Determining disease severity and activity in IBD can be done using endoscopic inflammation indices, and histologic scores. However, there can be certain flaws to using these methodologies such as intra-observer and inter-observer variability[40]. Studies using AI have been done to help control some of these factors. Bossuyt et al[41] developed a red density (RD) system, which was specific for endoscopic and histologic disease activity in UC patients, to help mitigate the observer bias by endoscopists. The study had 29 UC patients compared against 6 control patients using the RD score gained during colonoscopy[41]. The RD score was linked to the Robart’s Histologic Index in a multiple regression analysis and was found to be correlated with the RHI (r = 0.65, P < 0.00002) from the patients with UC[41]. The RD score from the control patients was also correlated with the RHI, Mayo endoscopic subscores (r = 0.76, P < 0.0001) and UC Endoscopic Index of Severity scores (r = 0.74, P < 0.0001), showing it correlated well with the validated tests[41]. A study done by Takenaka et al[40] used their algorithm, the deep neural network for evaluation of UC (DNUC), in 875 UC patients. The DNUC was developed using 40785 images from colonoscopies and 6885 biopsy results from 2012 UC patients[40]. The DNUC was able to identify patients in endoscopic remission with 90.1% accuracy and a kappa coefficient of 0.798 and identify patients in histologic remission with 92.2% accuracy and a kappa coefficient of 0.895 between the biopsy result and the DNUC[40]. The researchers concluded that it could be used to identify patients in remission and potentially avoid mucosal biopsy and analysis[40]. Stidham et al[42] created a 159-layer CNN using 16514 images from 3082 UC patients to help categorize patients groups in remission (Mayo subscore 0 or 1) to moderate to severe (Mayo subscore 2 or 3). The CNN had a positive predictive value of 0.87, sensitivity 83% and specificity of 96%[42]. The CNN was compared against human reviewers when assigned the Mayo scores, with a kappa coefficient of 0.84 for the CNN vs 0.86 for the human reviewers[42]. This shows that the AI is effectively able to help categorize patients into their respective severity stages[42].

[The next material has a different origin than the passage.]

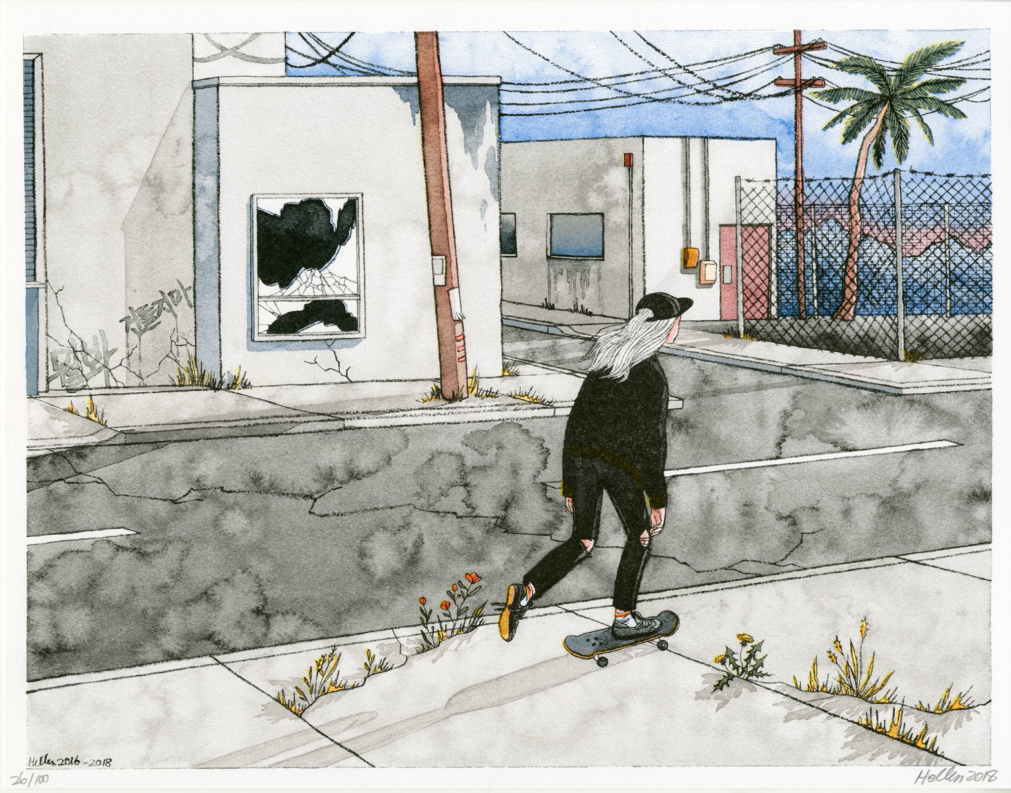 Hellen Jo is an illustrator and cartoonist living in Los Angeles, California. Her work, which includes watercolor paintings, comics, zines, and casual apparel, consists primarily of sullen and intimidating Asian American teenaged girls frightening the locals and disrespecting authority.

Patients with IBD are at increased risk for CRC and it is important for these patients to undergo frequent surveillance. Guidelines differ depending on the medical society, but overall recommended intervals are from 1-5 years[43]. IBD surveillance guidelines and whether AI has a role in CRC detection has yet to be directly studied. A large reason for the lack of studies of AI and IBD has been due to IBD being an exclusion criterion for many of the early colonoscopic AI studies. A single study by Uttam et al[44] was one of the first to look at IBD and cancer risk, utilizing a three-dimensional nanoscale nuclear architecture mapping (nanoNAM). By analyzing 103 patients with IBD that were undergoing colonoscopy, their system measured for submicroscopic alterations in the intrinsic nuclear structure within epithelial cells and compared findings to histologic biopsies after 3 years. They found that their nanoNAM could identify colonic neoplasia with an AUC of 0.87, sensitivity of .81, and specificity of 0.82[44]. Additional studies on AI in IBD surveillance could help personalize surveillance strategies or guidelines for patients.
AI SYSTEMS IN PRACTICE
The most recent developments in clinical practice have been with the approval of several different devices: EndoBRAIN (Olympus Corporation, Tokyo, Japan), GI Genius (Cosmo Pharmaceuticals N.V., Dublin, Ireland), and WavSTAT4 (SpectraScience, Inc., San Diego, CA)[33,45,46]. EndoBRAIN is an AI-based system that is able to analyze pathologic features present on endoscopic imaging, and was developed and approved as a class II medical device[33]. In a multi-center study to determine the diagnostic accuracy of EndoBRAIN, their system was trained using 69142 endocytoscopic images taken from patients that had undergone endoscopy and the EndoBRAIN was compared against 30 endoscopists (20 trainees, 10 experts) with primary outcome of assessing neoplastic vs non-neoplastic lesions. Their results found that EndoBRAIN distinguished neoplastic from non-neoplastic lesions with 96.9% sensitivity, 94.3% specificity, which was higher than trainees and comparable to experts[33].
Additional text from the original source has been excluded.